Great article... Thanx for sharing... Can you please upload more????

Happy New Year 2016

Because of that, data is written into new files an...

2014-10-06T14:03:36.137-07:00

Because of that, data is written into new files and as their number grows HBase compacts them into another set of new, consolidated files.file sharing

Very informative. I searched the net for this leve...

2014-03-27T10:31:23.641-07:00

Very informative. I searched the net for this level of details but found sparse data about the internals. This article has helped me connect the various dots.
Thanks Lars for such an amazing article.

Yes, merge is using B+tree in its own RegionServer...

2014-01-08T15:17:39.480-08:00

Yes, merge is using B+tree
in its own RegionServer
Yes.

In HMatser From Zoopkeeper

2014-01-08T15:13:11.242-08:00

In HMatser
From Zoopkeeper

HFile. you mean memstore, yes. Hbase will split in...

2014-01-08T15:01:05.676-08:00

HFile.
you mean memstore, yes.
Hbase will split into another region in same regionserver

per RegionServer

2014-01-08T14:53:53.220-08:00

per RegionServer

Nice Comparision/discussion Regarding Metadata, H...

2013-09-21T01:06:41.981-07:00

Nice Comparision/discussion

Regarding Metadata, HCATALOG(Merged with Hive v11) can use be used, to get the metadata defined in Hive metastore , to be used in pig. It would be helpful to manage your metadata across pig, hive and mapreduce.

Very good analysis and summary. I look at Hive a...

2013-08-14T04:53:41.028-07:00

Very good analysis and summary.

I look at Hive as being an open sourced
DWS for the Hadoop Framework.

Pig / PigLatin is a data_Flow language that is
geared up for Big_Data Information-Streams.

VBR/ Wallis Dudhnath

Yes you are right.

2013-06-05T21:55:24.774-07:00

Yes you are right.

This article is talking HFile v1. In V2 this has c...

2013-06-05T21:54:21.530-07:00

This article is talking HFile v1. In V2 this has changed to multi level indexing with B+tree like data structure for efficient processing and the index is moved at block level.

Lars, Great writeup. Its quite informative. I have...
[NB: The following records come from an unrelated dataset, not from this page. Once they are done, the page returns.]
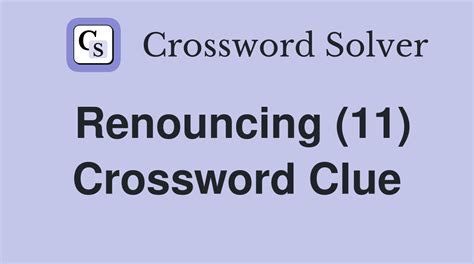 Renouncing Crossword Clue. This page shows answers to the clue renounce, followed by 4 definitions like “ act of renouncing. We found 20 possible solutions for this clue.
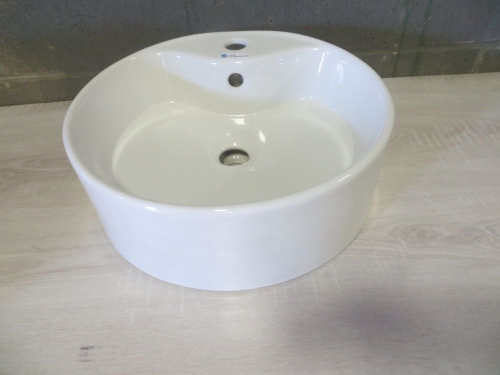White Lavatory Piazza Vessel Sink. By Premier, Round Front, Single Faucet Hole, 16 3/4" Diameter, 5 3/4" Height, Grade: A. This is a liquidated product. Any pre-existing retail, wholesale or manufacturer warranties will not transfer with the sale of this Product unless expressly stated otherwise. Weight: 23 lbs.. Sold by: Piece. Sold as: Quantity X Price. Inventory #: 5055-PIAZ SNK
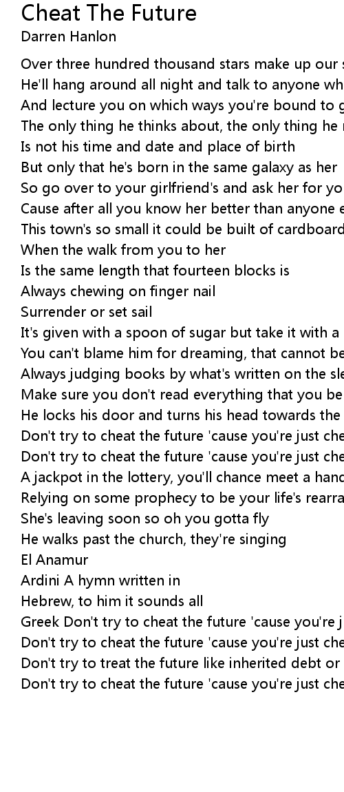 Don't try to cheat the future 'cause you're just cheating yourself |
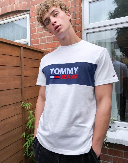 Tommy jeans men's t shirt clearance, Tommy Jeans color block chest panel logo t shirt in white clearance
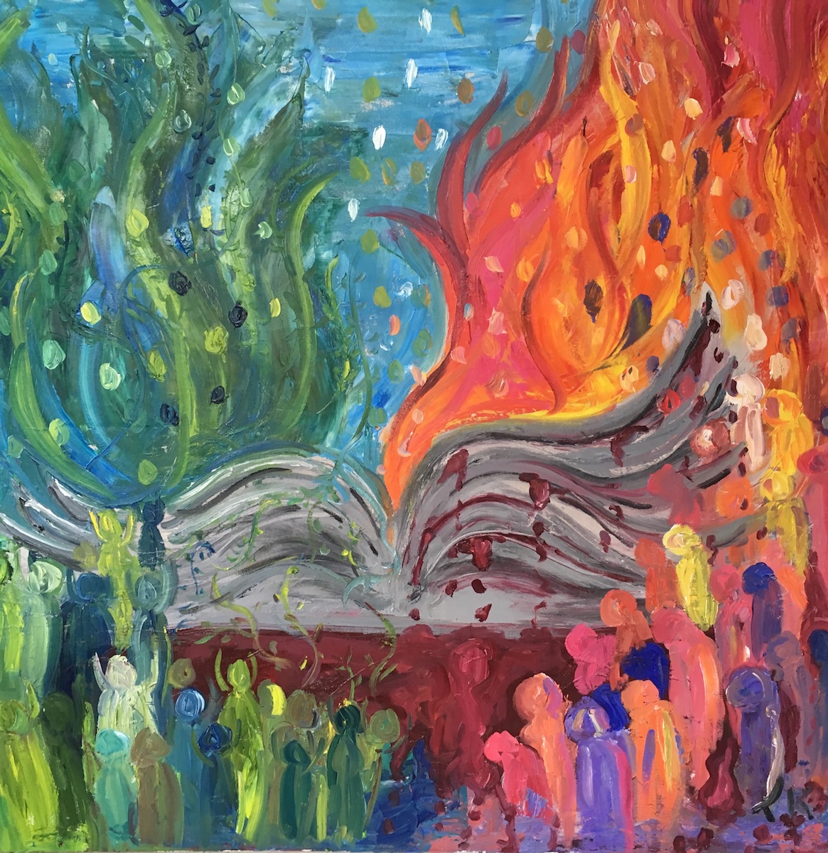The stone flame within this 6-shaped tear is a small memorial, a permenant Yartzeit flame, for the six thousand thousands who were taken
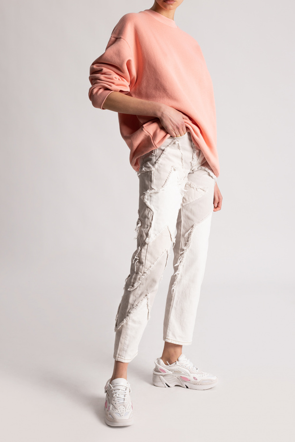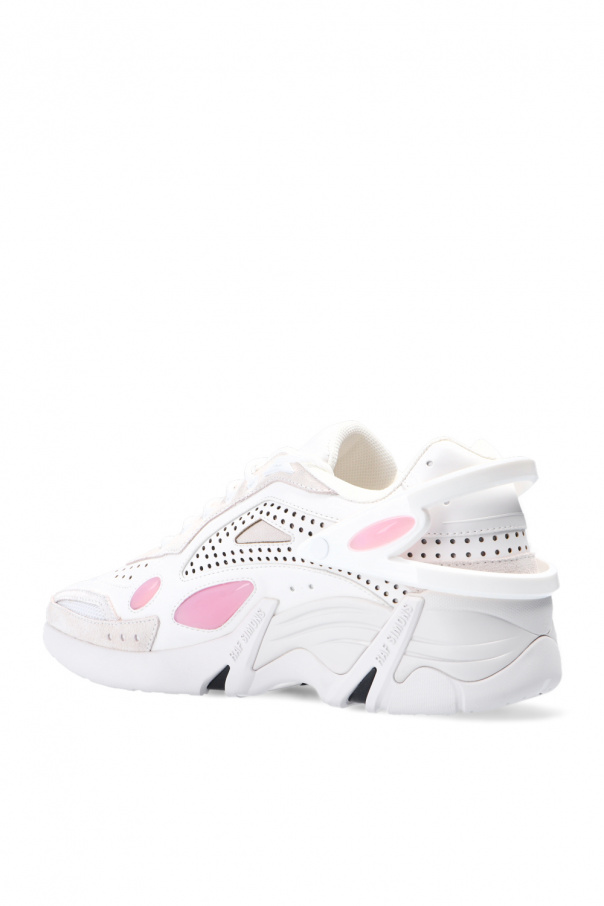 White and pink ‘Cylon-21’ lace-up sneakers from Raf Simons. Crafted from perforated leather with rubber trims, this design features a logo print, removable appliqués and a rubber sole in white and black.
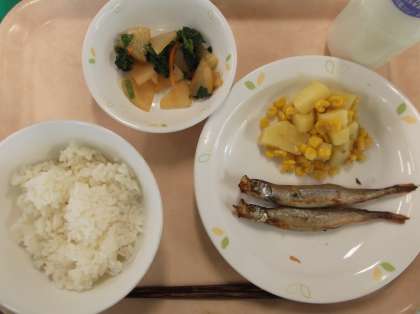 献立 ごはん 焼きししやも コーンポテト 野菜のコチジャンだれ 牛乳
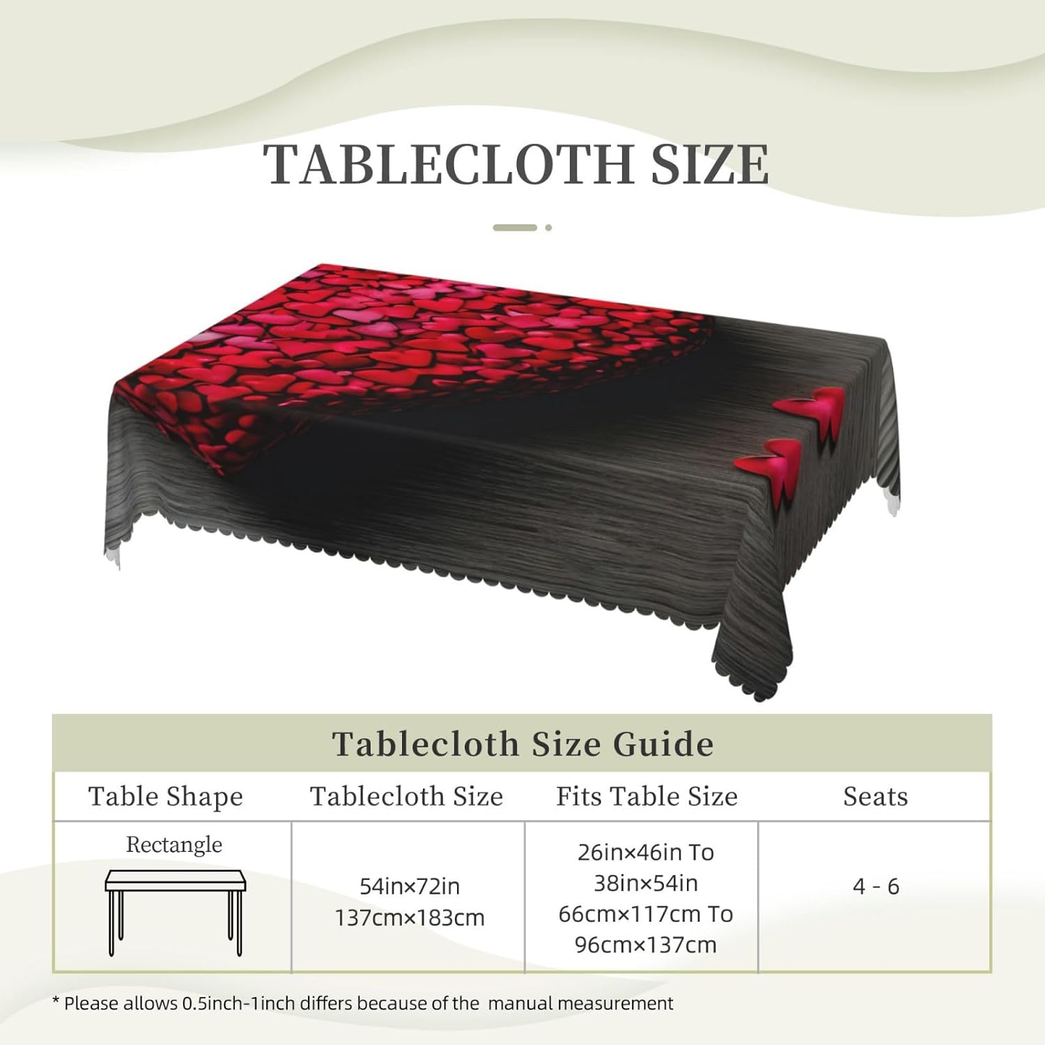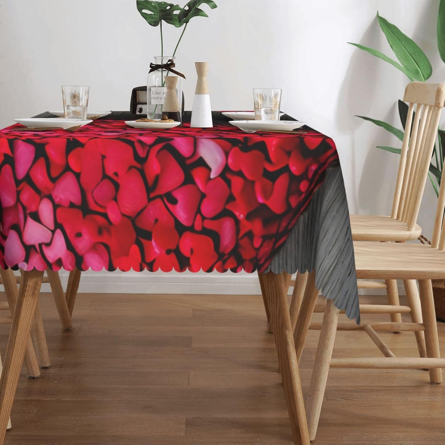 Questa tovaglia decorativa rettangolare a forma di cuore rosso che cade è una tovaglia con motivo a cuore rosso da 137x183 cm realizzata in materiale poliestere, calda e morbida, buona resistenza alle pieghe, può essere lavata e riutilizzata, protegge dalla polvere e protegge da ammaccature, scheggiature e graffi. Tovaglia con motivo a cuori rossi che cadono, può essere utilizzata sia all'interno che all'esterno, ideale per feste, matrimoni, campeggio, patio, compleanno in famiglia, buffet, barbecue, tavoli da cucina, ecc. Tovaglia quadrata con motivo a cuori rossi, bordo in pizzo semicircolare, Attenzione: non candeggiare, non esporre alla luce del sole, sono accettabili sia il lavaggio a mano che in lavatrice a temperatura ambiente e la stiratura a bassa temperatura. In caso di problemi o domande, contattateci, vi risponderemo entro 24 ore.
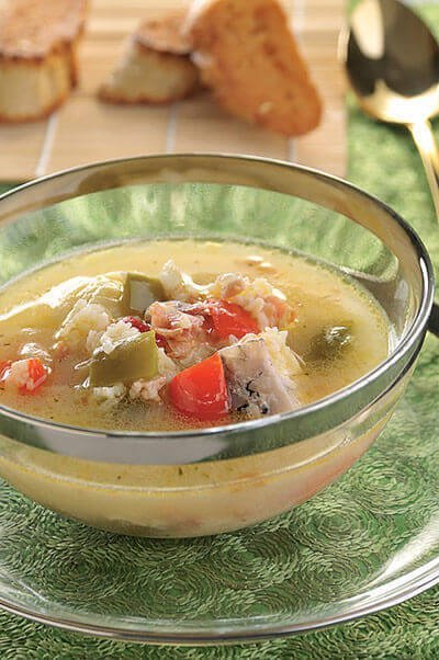 Agrega a tu caldo de pescado unos trozos de pimiento rojo y verde, con una ligera base de leche. Suena delicioso, ¿verdad?

2013-04-30T21:07:51.888-07:00

Lars, Great writeup. Its quite informative. I have apriblem that is actually counter intutive. I have an Hbase/ Hadoop cluster with 8 nodes. All the tables I store fit into a single region. So any time I scan a table, it hits a single node. The cluster is absolutely idle, and the tables get no writes at all. If I run an hbase shell on one of the nodes and scan one of the tables the performane varies 6x depending on where i scan it. If I scan it on any machine in the cluster which is not the regionserver hosting the region for the table I am scanning it runs mich faster tan if I were to scan the table from the machine that actually hosts the specific region i am scanning. All other nodes are ok. And this happens regardless of which table I choose to scan. These are scan table from hbase shell, not even a mapreduce. Any ideas on why might this be? I have hbase 0.92 installed. Thanks

One question: In the first big picture, the HLog s...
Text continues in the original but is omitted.